Looking Inside a Gluten-Free Kitchen

One of the most important things when it comes to living a gluten-free lifestyle is making sure that we feel safe in our home. When I and some of my children were first diagnosed with celiac disease, I had no clue where to start! It was daunting thinking about how to go about cleaning out my gluten-filled home, so today I am going to take you on a journey of what I did to ensure our home was a safe place for my family. The best place to start is going to be in your kitchen! After all, this is where most of the gluten is going to be hiding. Today I will go over how I would go about cleaning out your kitchen, pantry, and fridge if I were starting from square one.

Gluten hides everywhere

Think of gluten like a glue — anything that gluten has touched in the past could still have gluten on it. It is a great idea to go through every cupboard individually clean it top to bottom! Then assess each item and scrub it, put it in the dishwasher, and do everything you can to make sure there is no residue left.

This is especially important when it comes to baking dishes and utensils. Depending on your budget and what you need for peace of mind, you can choose to buy new items or to wash items on a sanitizer setting. If you can’t replace everything, maybe start with replacing these items that are hard to fully clean of gluten:

  • Teflon pans with signs of wear
  • Wooden spatulas
  • Colanders
  • Toasters
  • Sponges

Focus on one area at a time

No matter where you start, it is important to only take on a simple section at a time. Take it cupboard by cupboard, shelf by shelf. No need to overwhelm yourself by doing it all at once. It’s OK to spread this process over a couple of weeks or to enlist the help of family, friends, or neighbors.
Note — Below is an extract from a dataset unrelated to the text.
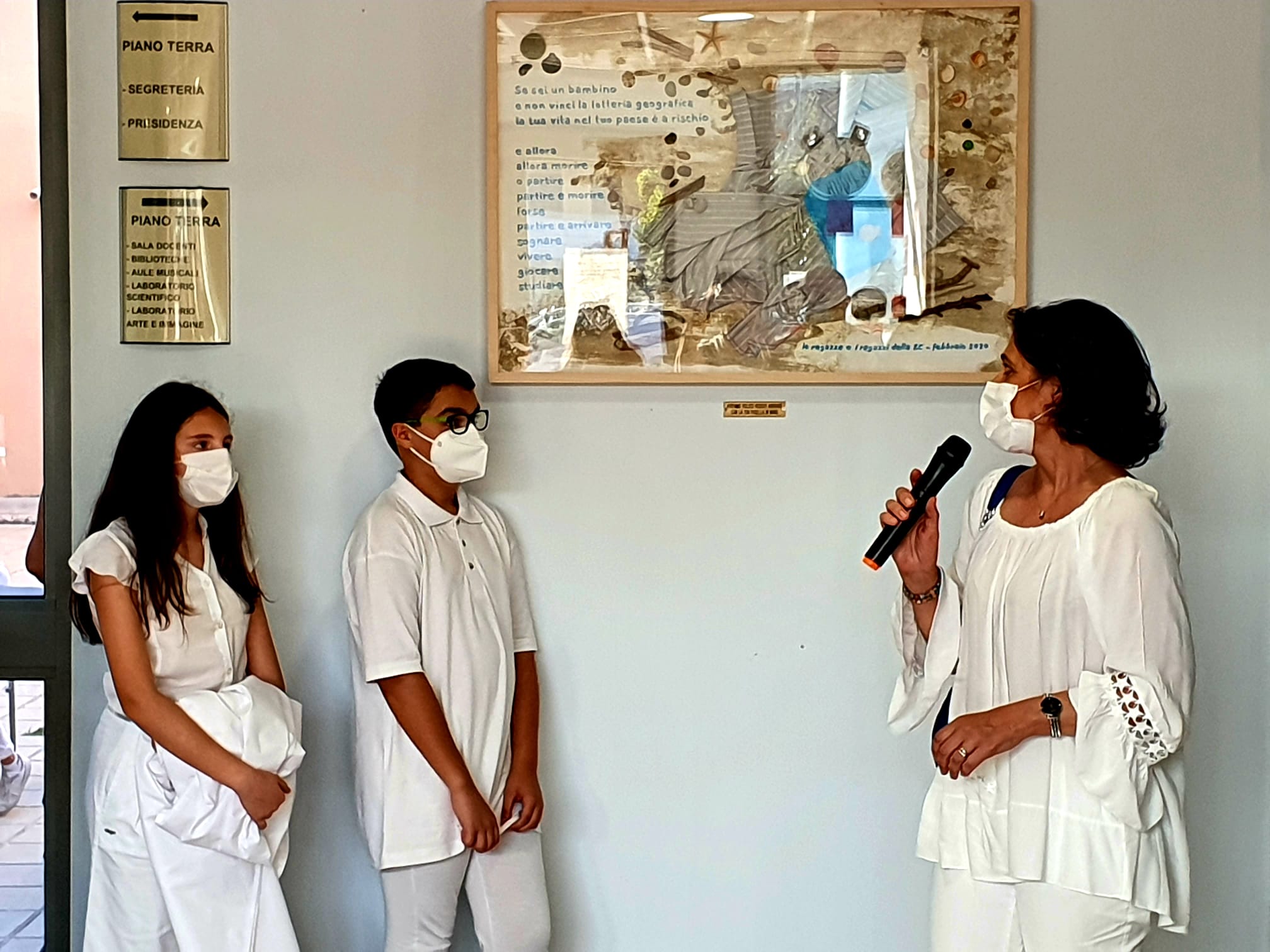 SAN BENEDETTO DEL TRONTO – “Qui aspettavamo il giovane del Mali morto annegato il 18 aprile 2015 portando una pagella sul cuore. Ogni insegnante giusto lo avrebbe accolto”. E’ la scritta incisa sulla pietra d’inciampo incastonata all’ingresso della scuola media Curzi di San Benedetto, inaugurata nel corso di una cerimonia alla presenza del sindaco di San Benedetto del Tronto, Pasqualino Piunti e della dirigente dell’Isc Centro Laura D’Ignazi, assieme a docenti e ragazzi dell’orchestra dell’indirizzo musicale che hanno eseguito una serie di brani. Un’iniziativa dedicata alla storia del ragazzo africano annegato in mare con una pagella cucita all’interno della camicia, per il quale è stata scoperta anche un’installazione artistica che rimarrà nell’atrio dell’istituto. L’opera è stata realizzata dalla professoressa Catia Cichetti assieme ai ragazzi della classe 3C. Una teca con all’interno una camicia e una pagella, assieme a conchiglie e sabbia e la scritta “Se sei un bambino e non vinci la lotteria geografica la tua vita nel tuo paese è a rischio. E allora… allora, morire o partire, partire e morire, forse partire e arrivare, sognare, vivere, giocare, studiare”. La vicenda del giovane maliano è stata portata sullo schermo dal cortometraggio “Fiori dal deserto”, realizzato dai ragazzi assieme agli insegnanti Riccardo Massacci, Catia Cichetti e Vincenza Marchegiani che è stato premiato al Romics, il Festival Internazionale di Roma del Fumetto, Animazione, Cinema e Games.

Here is a simple list of tasks that will help you successfully clean out each area.

  1. Start by emptying the shelf or drawer.
  2. Wipe it down with a clean sponge.
  3. Wipe off or deep-clean each item.
  4. Check the ingredients of any food item, separating them into piles of gluten-free and gluten-containing products.
  5.  Assess each item for cross-contamination, or  the likelihood of gluten residue being left behind.

Create a gluten-free zone

Once you have your pantry items separated into two different piles — gluten free and gluten-filled products — it’s time to create a designated place for your gluten-free items that is clearly separated from the gluten-containing items.

When deciding where to place the gluten-free items, I recommend top shelves, so gluten-filled crumbs don’t fall on them from above. Anything with gluten in it, should be double bagged, and kept lower. Another great tip is to label gluten-free items so that everything is consistent and identifiable for anyone in your family. We have designated gluten-free cupboards and shelves. Everyone in my family knows that only gluten-free products belong there, so it makes it easy all around.

Another great tip is to label gluten-free items to make it easy for your other family members to tell what is or isn’t safe for you. This has been helpful when we have had babysitters or extended family over so other people can clearly identify what is safe as well.


It is so comforting to know you have a safe place where you don’t have to worry about crumbs or cross-contact. Maybe you start off with only your bedroom, one shelf, and one kitchen counter, and then expand from there as you can. Start small and give yourself the space you need to relax and feel safe.

I hope you have found these tips to be helpful. You got this!